Items from a data source
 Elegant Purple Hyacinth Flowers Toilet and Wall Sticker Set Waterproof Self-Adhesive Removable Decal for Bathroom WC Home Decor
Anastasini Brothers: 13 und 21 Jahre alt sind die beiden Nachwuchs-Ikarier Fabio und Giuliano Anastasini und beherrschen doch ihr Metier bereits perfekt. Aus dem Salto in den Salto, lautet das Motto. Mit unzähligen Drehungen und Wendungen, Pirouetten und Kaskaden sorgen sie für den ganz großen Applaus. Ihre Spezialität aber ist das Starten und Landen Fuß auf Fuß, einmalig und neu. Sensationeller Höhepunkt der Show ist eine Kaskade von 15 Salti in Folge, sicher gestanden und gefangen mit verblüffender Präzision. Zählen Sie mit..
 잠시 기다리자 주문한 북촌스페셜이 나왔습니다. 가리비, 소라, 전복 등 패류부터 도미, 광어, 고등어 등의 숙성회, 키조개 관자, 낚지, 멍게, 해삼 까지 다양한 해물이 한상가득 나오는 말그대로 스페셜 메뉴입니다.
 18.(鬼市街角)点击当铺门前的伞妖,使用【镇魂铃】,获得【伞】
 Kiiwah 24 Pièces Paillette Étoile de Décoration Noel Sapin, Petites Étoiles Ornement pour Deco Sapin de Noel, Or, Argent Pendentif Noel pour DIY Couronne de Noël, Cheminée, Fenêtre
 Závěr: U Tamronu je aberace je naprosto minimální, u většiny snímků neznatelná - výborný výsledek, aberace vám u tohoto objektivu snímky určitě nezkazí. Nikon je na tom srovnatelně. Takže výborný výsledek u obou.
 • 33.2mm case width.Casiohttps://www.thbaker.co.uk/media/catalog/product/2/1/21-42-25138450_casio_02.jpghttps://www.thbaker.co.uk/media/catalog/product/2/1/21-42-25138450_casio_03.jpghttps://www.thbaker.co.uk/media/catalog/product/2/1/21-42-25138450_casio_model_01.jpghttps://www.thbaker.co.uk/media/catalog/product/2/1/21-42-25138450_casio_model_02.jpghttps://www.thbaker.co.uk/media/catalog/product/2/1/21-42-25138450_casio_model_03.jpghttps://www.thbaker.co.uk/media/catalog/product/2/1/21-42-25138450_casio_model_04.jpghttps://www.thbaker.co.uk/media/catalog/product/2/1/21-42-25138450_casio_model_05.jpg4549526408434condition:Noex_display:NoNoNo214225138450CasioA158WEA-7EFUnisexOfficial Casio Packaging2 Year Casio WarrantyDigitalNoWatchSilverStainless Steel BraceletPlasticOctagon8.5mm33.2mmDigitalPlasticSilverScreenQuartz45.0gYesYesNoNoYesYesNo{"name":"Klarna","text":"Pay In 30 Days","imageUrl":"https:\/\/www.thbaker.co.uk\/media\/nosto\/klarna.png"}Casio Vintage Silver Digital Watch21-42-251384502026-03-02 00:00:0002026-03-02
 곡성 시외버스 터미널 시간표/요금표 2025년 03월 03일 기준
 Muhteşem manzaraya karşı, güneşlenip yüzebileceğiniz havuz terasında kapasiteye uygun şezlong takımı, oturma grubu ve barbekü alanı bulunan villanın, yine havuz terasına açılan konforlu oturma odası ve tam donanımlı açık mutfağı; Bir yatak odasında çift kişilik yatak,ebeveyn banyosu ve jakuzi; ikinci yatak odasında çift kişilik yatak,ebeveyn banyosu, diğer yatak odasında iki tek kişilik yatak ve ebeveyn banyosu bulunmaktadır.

GOAL OF THE EXERCISE >>
Exactly the lines from the one containing "Digital Watch21-42-251384502026-03-02 00:00:0002026-03-02" through the final line of the records must appear in your reply, and no others.

EXERCISE RESPONSE >>
 • 33.2mm case width.Casiohttps://www.thbaker.co.uk/media/catalog/product/2/1/21-42-25138450_casio_02.jpghttps://www.thbaker.co.uk/media/catalog/product/2/1/21-42-25138450_casio_03.jpghttps://www.thbaker.co.uk/media/catalog/product/2/1/21-42-25138450_casio_model_01.jpghttps://www.thbaker.co.uk/media/catalog/product/2/1/21-42-25138450_casio_model_02.jpghttps://www.thbaker.co.uk/media/catalog/product/2/1/21-42-25138450_casio_model_03.jpghttps://www.thbaker.co.uk/media/catalog/product/2/1/21-42-25138450_casio_model_04.jpghttps://www.thbaker.co.uk/media/catalog/product/2/1/21-42-25138450_casio_model_05.jpg4549526408434condition:Noex_display:NoNoNo214225138450CasioA158WEA-7EFUnisexOfficial Casio Packaging2 Year Casio WarrantyDigitalNoWatchSilverStainless Steel BraceletPlasticOctagon8.5mm33.2mmDigitalPlasticSilverScreenQuartz45.0gYesYesNoNoYesYesNo{"name":"Klarna","text":"Pay In 30 Days","imageUrl":"https:\/\/www.thbaker.co.uk\/media\/nosto\/klarna.png"}Casio Vintage Silver Digital Watch21-42-251384502026-03-02 00:00:0002026-03-02
 곡성 시외버스 터미널 시간표/요금표 2025년 03월 03일 기준
 Muhteşem manzaraya karşı, güneşlenip yüzebileceğiniz havuz terasında kapasiteye uygun şezlong takımı, oturma grubu ve barbekü alanı bulunan villanın, yine havuz terasına açılan konforlu oturma odası ve tam donanımlı açık mutfağı; Bir yatak odasında çift kişilik yatak,ebeveyn banyosu ve jakuzi; ikinci yatak odasında çift kişilik yatak,ebeveyn banyosu, diğer yatak odasında iki tek kişilik yatak ve ebeveyn banyosu bulunmaktadır.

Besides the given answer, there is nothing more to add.